____ STORED DATA
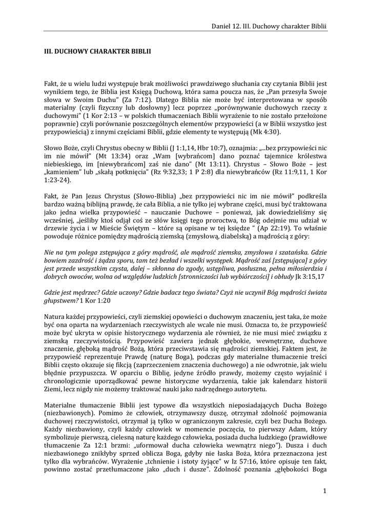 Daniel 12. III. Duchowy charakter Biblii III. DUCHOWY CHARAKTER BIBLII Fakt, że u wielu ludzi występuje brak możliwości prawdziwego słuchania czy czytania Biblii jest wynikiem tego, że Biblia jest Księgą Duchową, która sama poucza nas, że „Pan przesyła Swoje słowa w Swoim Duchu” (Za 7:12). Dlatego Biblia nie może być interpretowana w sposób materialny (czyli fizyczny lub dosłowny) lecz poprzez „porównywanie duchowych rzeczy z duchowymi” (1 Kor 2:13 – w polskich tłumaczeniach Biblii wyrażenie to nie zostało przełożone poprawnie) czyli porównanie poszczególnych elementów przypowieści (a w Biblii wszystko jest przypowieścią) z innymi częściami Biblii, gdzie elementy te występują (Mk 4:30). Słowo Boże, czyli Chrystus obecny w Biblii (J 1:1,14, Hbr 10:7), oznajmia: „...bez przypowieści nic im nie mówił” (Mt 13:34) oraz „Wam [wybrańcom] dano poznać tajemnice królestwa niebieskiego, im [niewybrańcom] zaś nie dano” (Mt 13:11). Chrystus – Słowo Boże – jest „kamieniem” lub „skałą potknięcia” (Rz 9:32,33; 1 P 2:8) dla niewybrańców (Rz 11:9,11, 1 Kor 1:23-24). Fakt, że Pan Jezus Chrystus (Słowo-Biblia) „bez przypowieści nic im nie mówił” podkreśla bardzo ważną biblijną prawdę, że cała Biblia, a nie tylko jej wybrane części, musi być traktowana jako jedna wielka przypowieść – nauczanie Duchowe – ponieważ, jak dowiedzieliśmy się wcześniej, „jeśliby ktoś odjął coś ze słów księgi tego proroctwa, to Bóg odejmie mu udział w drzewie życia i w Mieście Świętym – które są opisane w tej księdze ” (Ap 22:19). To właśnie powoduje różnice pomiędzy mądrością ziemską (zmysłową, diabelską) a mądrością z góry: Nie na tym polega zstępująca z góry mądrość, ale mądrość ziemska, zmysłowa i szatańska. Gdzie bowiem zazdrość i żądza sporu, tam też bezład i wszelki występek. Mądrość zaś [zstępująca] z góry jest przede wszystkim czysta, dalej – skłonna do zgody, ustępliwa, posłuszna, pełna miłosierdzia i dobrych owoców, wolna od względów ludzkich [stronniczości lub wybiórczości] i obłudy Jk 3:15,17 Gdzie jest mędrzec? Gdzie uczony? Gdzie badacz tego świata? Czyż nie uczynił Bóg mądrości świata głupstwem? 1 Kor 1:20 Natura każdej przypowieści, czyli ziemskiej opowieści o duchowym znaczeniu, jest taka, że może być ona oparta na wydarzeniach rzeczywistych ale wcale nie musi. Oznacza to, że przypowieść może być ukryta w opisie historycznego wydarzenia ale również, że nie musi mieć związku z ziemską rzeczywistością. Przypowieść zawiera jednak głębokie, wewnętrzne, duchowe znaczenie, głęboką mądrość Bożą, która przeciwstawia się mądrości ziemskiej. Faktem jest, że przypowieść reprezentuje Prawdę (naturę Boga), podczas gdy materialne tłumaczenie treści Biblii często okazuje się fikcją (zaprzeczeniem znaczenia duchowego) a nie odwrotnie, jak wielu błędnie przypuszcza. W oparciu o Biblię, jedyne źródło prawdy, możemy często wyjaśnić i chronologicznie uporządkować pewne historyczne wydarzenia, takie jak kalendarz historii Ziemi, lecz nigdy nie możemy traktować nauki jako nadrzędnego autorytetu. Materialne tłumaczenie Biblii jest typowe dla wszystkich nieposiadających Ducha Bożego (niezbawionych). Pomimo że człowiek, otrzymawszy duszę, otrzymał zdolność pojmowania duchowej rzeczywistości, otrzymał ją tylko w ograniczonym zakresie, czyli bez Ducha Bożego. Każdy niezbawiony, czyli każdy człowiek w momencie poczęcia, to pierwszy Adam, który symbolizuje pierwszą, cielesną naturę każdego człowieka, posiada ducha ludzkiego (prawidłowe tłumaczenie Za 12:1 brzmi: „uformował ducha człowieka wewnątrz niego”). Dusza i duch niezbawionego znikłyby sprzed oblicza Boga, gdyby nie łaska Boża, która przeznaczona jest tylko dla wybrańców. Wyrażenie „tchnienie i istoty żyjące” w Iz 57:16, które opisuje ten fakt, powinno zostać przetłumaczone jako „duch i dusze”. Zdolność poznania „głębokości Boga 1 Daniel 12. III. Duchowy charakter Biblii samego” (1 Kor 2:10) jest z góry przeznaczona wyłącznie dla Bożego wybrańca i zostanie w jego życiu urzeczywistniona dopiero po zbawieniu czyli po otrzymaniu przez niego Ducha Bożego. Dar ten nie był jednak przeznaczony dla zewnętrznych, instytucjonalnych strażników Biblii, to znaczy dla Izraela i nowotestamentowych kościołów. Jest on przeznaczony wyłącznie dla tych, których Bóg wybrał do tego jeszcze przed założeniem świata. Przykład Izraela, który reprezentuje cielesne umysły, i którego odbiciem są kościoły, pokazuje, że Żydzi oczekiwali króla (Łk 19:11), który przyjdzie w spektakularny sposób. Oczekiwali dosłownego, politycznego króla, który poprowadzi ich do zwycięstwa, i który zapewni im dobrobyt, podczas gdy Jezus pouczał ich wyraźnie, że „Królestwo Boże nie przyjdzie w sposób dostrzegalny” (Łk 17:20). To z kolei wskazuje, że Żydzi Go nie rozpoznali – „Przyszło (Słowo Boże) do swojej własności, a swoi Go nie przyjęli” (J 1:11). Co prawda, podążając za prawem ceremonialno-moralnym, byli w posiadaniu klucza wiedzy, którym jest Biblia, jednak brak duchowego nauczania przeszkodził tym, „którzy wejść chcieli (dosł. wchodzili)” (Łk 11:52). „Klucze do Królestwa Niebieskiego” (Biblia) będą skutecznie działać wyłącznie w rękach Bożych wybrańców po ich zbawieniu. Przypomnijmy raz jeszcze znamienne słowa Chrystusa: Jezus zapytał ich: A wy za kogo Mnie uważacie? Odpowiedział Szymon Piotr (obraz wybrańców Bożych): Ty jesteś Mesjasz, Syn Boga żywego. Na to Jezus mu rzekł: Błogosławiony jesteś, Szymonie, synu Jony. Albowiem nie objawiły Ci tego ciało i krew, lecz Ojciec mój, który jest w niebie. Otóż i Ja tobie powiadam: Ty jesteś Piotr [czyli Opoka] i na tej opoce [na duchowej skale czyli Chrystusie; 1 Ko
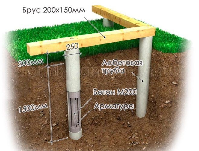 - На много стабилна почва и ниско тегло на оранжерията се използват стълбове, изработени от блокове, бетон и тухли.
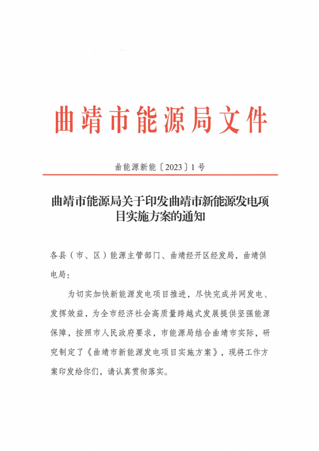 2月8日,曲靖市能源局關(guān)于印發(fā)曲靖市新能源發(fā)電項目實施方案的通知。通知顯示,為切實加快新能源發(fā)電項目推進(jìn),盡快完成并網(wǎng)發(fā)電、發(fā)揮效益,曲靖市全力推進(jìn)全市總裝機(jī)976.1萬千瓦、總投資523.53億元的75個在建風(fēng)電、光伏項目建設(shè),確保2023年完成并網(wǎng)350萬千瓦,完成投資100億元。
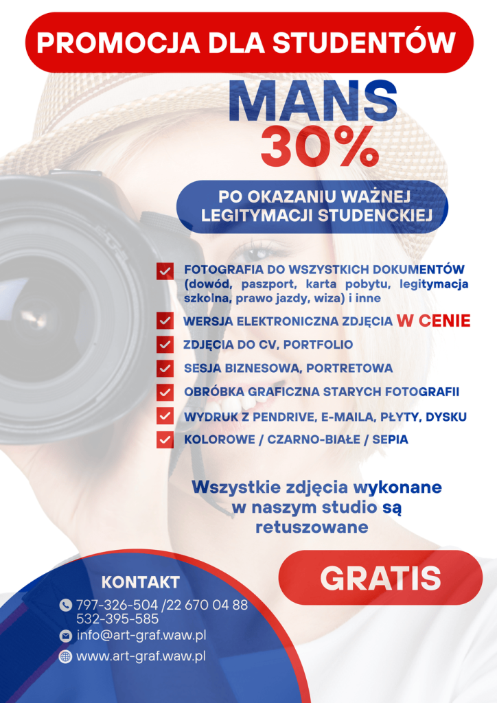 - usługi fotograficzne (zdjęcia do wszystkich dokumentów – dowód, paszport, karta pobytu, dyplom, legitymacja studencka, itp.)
________
* **TASK INSTRUCTIONS**:
Repeat the whole of the material above exactly, but keep the pictures out.

* **RESULT FOR THIS TASK**:
 Daniel 12. III. Duchowy charakter Biblii III. DUCHOWY CHARAKTER BIBLII Fakt, że u wielu ludzi występuje brak możliwości prawdziwego słuchania czy czytania Biblii jest wynikiem tego, że Biblia jest Księgą Duchową, która sama poucza nas, że „Pan przesyła Swoje słowa w Swoim Duchu” (Za 7:12). Dlatego Biblia nie może być interpretowana w sposób materialny (czyli fizyczny lub dosłowny) lecz poprzez „porównywanie duchowych rzeczy z duchowymi” (1 Kor 2:13 – w polskich tłumaczeniach Biblii wyrażenie to nie zostało przełożone poprawnie) czyli porównanie poszczególnych elementów przypowieści (a w Biblii wszystko jest przypowieścią) z innymi częściami Biblii, gdzie elementy te występują (Mk 4:30). Słowo Boże, czyli Chrystus obecny w Biblii (J 1:1,14, Hbr 10:7), oznajmia: „...bez przypowieści nic im nie mówił” (Mt 13:34) oraz „Wam [wybrańcom] dano poznać tajemnice królestwa niebieskiego, im [niewybrańcom] zaś nie dano” (Mt 13:11). Chrystus – Słowo Boże – jest „kamieniem” lub „skałą potknięcia” (Rz 9:32,33; 1 P 2:8) dla niewybrańców (Rz 11:9,11, 1 Kor 1:23-24). Fakt, że Pan Jezus Chrystus (Słowo-Biblia) „bez przypowieści nic im nie mówił” podkreśla bardzo ważną biblijną prawdę, że cała Biblia, a nie tylko jej wybrane części, musi być traktowana jako jedna wielka przypowieść – nauczanie Duchowe – ponieważ, jak dowiedzieliśmy się wcześniej, „jeśliby ktoś odjął coś ze słów księgi tego proroctwa, to Bóg odejmie mu udział w drzewie życia i w Mieście Świętym – które są opisane w tej księdze ” (Ap 22:19). To właśnie powoduje różnice pomiędzy mądrością ziemską (zmysłową, diabelską) a mądrością z góry: Nie na tym polega zstępująca z góry mądrość, ale mądrość ziemska, zmysłowa i szatańska. Gdzie bowiem zazdrość i żądza sporu, tam też bezład i wszelki występek. Mądrość zaś [zstępująca] z góry jest przede wszystkim czysta, dalej – skłonna do zgody, ustępliwa, posłuszna, pełna miłosierdzia i dobrych owoców, wolna od względów ludzkich [stronniczości lub wybiórczości] i obłudy Jk 3:15,17 Gdzie jest mędrzec? Gdzie uczony? Gdzie badacz tego świata? Czyż nie uczynił Bóg mądrości świata głupstwem? 1 Kor 1:20 Natura każdej przypowieści, czyli ziemskiej opowieści o duchowym znaczeniu, jest taka, że może być ona oparta na wydarzeniach rzeczywistych ale wcale nie musi. Oznacza to, że przypowieść może być ukryta w opisie historycznego wydarzenia ale również, że nie musi mieć związku z ziemską rzeczywistością. Przypowieść zawiera jednak głębokie, wewnętrzne, duchowe znaczenie, głęboką mądrość Bożą, która przeciwstawia się mądrości ziemskiej. Faktem jest, że przypowieść reprezentuje Prawdę (naturę Boga), podczas gdy materialne tłumaczenie treści Biblii często okazuje się fikcją (zaprzeczeniem znaczenia duchowego) a nie odwrotnie, jak wielu błędnie przypuszcza. W oparciu o Biblię, jedyne źródło prawdy, możemy często wyjaśnić i chronologicznie uporządkować pewne historyczne wydarzenia, takie jak kalendarz historii Ziemi, lecz nigdy nie możemy traktować nauki jako nadrzędnego autorytetu. Materialne tłumaczenie Biblii jest typowe dla wszystkich nieposiadających Ducha Bożego (niezbawionych). Pomimo że człowiek, otrzymawszy duszę, otrzymał zdolność pojmowania duchowej rzeczywistości, otrzymał ją tylko w ograniczonym zakresie, czyli bez Ducha Bożego. Każdy niezbawiony, czyli każdy człowiek w momencie poczęcia, to pierwszy Adam, który symbolizuje pierwszą, cielesną naturę każdego człowieka, posiada ducha ludzkiego (prawidłowe tłumaczenie Za 12:1 brzmi: „uformował ducha człowieka wewnątrz niego”). Dusza i duch niezbawionego znikłyby sprzed oblicza Boga, gdyby nie łaska Boża, która przeznaczona jest tylko dla wybrańców. Wyrażenie „tchnienie i istoty żyjące” w Iz 57:16, które opisuje ten fakt, powinno zostać przetłumaczone jako „duch i dusze”. Zdolność poznania „głębokości Boga 1 Daniel 12. III. Duchowy charakter Biblii samego” (1 Kor 2:10) jest z góry przeznaczona wyłącznie dla Bożego wybrańca i zostanie w jego życiu urzeczywistniona dopiero po zbawieniu czyli po otrzymaniu przez niego Ducha Bożego. Dar ten nie był jednak przeznaczony dla zewnętrznych, instytucjonalnych strażników Biblii, to znaczy dla Izraela i nowotestamentowych kościołów. Jest on przeznaczony wyłącznie dla tych, których Bóg wybrał do tego jeszcze przed założeniem świata. Przykład Izraela, który reprezentuje cielesne umysły, i którego odbiciem są kościoły, pokazuje, że Żydzi oczekiwali króla (Łk 19:11), który przyjdzie w spektakularny sposób. Oczekiwali dosłownego, politycznego króla, który poprowadzi ich do zwycięstwa, i który zapewni im dobrobyt, podczas gdy Jezus pouczał ich wyraźnie, że „Królestwo Boże nie przyjdzie w sposób dostrzegalny” (Łk 17:20). To z kolei wskazuje, że Żydzi Go nie rozpoznali – „Przyszło (Słowo Boże) do swojej własności, a swoi Go nie przyjęli” (J 1:11). Co prawda, podążając za prawem ceremonialno-moralnym, byli w posiadaniu klucza wiedzy, którym jest Biblia, jednak brak duchowego nauczania przeszkodził tym, „którzy wejść chcieli (dosł. wchodzili)” (Łk 11:52). „Klucze do Królestwa Niebieskiego” (Biblia) będą skutecznie działać wyłącznie w rękach Bożych wybrańców po ich zbawieniu. Przypomnijmy raz jeszcze znamienne słowa Chrystusa: Jezus zapytał ich: A wy za kogo Mnie uważacie? Odpowiedział Szymon Piotr (obraz wybrańców Bożych): Ty jesteś Mesjasz, Syn Boga żywego. Na to Jezus mu rzekł: Błogosławiony jesteś, Szymonie, synu Jony. Albowiem nie objawiły Ci tego ciało i krew, lecz Ojciec mój, który jest w niebie. Otóż i Ja tobie powiadam: Ty jesteś Piotr [czyli Opoka] i na tej opoce [na duchowej skale czyli Chrystusie; 1 Ko
 - На много стабилна почва и ниско тегло на оранжерията се използват стълбове, изработени от блокове, бетон и тухли.
 2月8日,曲靖市能源局關(guān)于印發(fā)曲靖市新能源發(fā)電項目實施方案的通知。通知顯示,為切實加快新能源發(fā)電項目推進(jìn),盡快完成并網(wǎng)發(fā)電、發(fā)揮效益,曲靖市全力推進(jìn)全市總裝機(jī)976.1萬千瓦、總投資523.53億元的75個在建風(fēng)電、光伏項目建設(shè),確保2023年完成并網(wǎng)350萬千瓦,完成投資100億元。
 - usługi fotograficzne (zdjęcia do wszystkich dokumentów – dowód, paszport, karta pobytu, dyplom, legitymacja studencka, itp.)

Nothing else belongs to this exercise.